## WHAT IS BEING ASKED
Skipping any pictures, repeat exactly and only the lines from the one that holds "Завдяки великому розміру" to the last line of the material, both included.

## DATA SHOWN
○ ○ ○ ○ ○ ○ ○
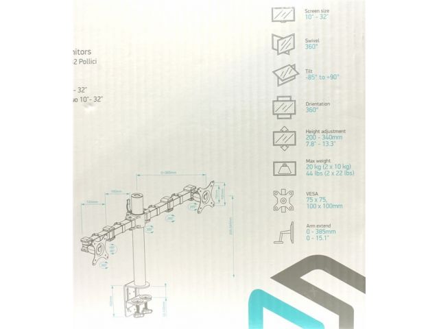Настольный держатель для эргономичной регулировки положения 2 дисплеев с диагональю от 10 до 32 дюймов
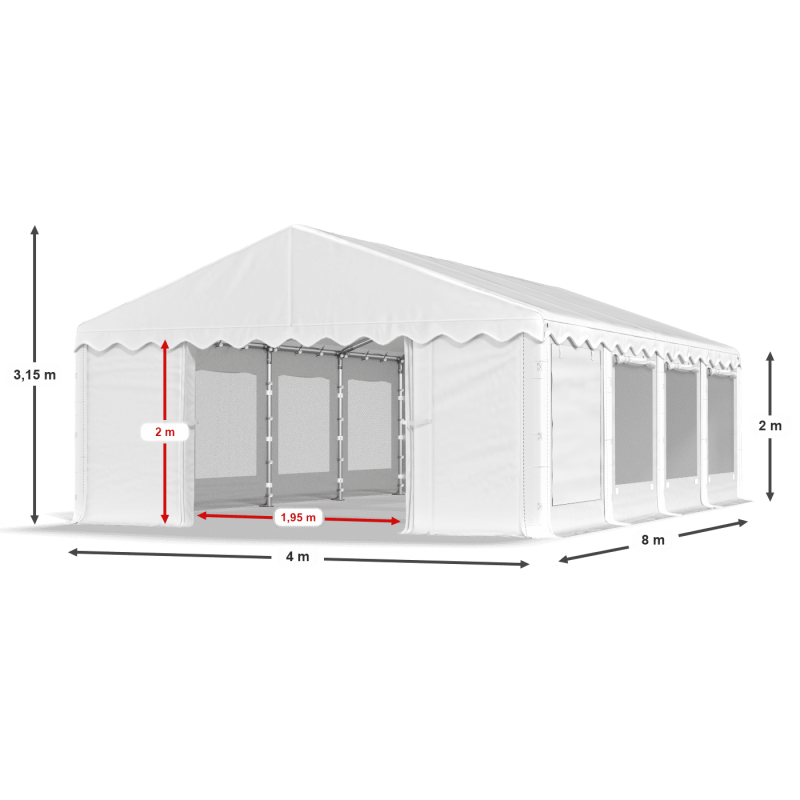 Завдяки великому розміру 4×8 метрів, намет легко вміщує столи, стільці або зону відпочинку для великої компанії. Білий колір додає елегантності та гармонійно вписується в будь-який ландшафт чи формат події.
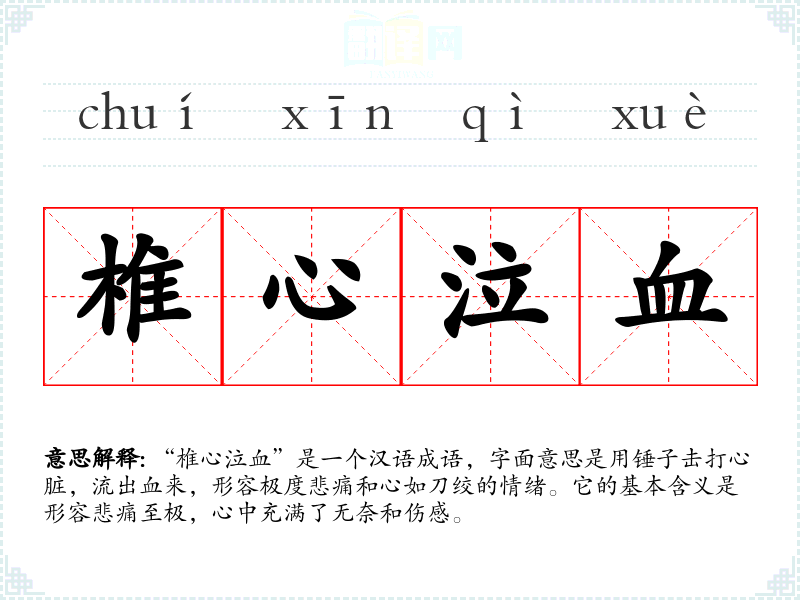 “椎心泣血”是一个汉语成语,字面意思是用锤子击打心脏,流出血来,形容极度悲痛和心如刀绞的情绪。它的基本含义是形容悲痛至极,心中充满了无奈和伤感。
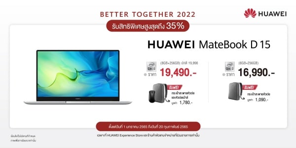 - HUAWEI MateBook D 15 (i5) 8GB+256GB แล็ปท็อปดีไซน์คลาสสิกสเปกโดนใจ มาในราคาพิเศษ 19,490 บาท จากราคาปกติ 19,990 บาท พร้อมรับฟรี กระเป๋าสะพายหัวเว่ยและหัวเว่ยเม้าส์ รวมมูลค่า 1,780 บาท และ HUAWEI MateBook D 15 (i3) 8GB+256GB ราคา 16,990 บาท พร้อมรับฟรีกระเป๋าสะพายหัวเว่ยมูลค่า 1,090 บาท
○ ○ ○ ○ ○ ○ ○
## TASK RESULT
 Завдяки великому розміру 4×8 метрів, намет легко вміщує столи, стільці або зону відпочинку для великої компанії. Білий колір додає елегантності та гармонійно вписується в будь-який ландшафт чи формат події.
 “椎心泣血”是一个汉语成语,字面意思是用锤子击打心脏,流出血来,形容极度悲痛和心如刀绞的情绪。它的基本含义是形容悲痛至极,心中充满了无奈和伤感。
 - HUAWEI MateBook D 15 (i5) 8GB+256GB แล็ปท็อปดีไซน์คลาสสิกสเปกโดนใจ มาในราคาพิเศษ 19,490 บาท จากราคาปกติ 19,990 บาท พร้อมรับฟรี กระเป๋าสะพายหัวเว่ยและหัวเว่ยเม้าส์ รวมมูลค่า 1,780 บาท และ HUAWEI MateBook D 15 (i3) 8GB+256GB ราคา 16,990 บาท พร้อมรับฟรีกระเป๋าสะพายหัวเว่ยมูลค่า 1,090 บาท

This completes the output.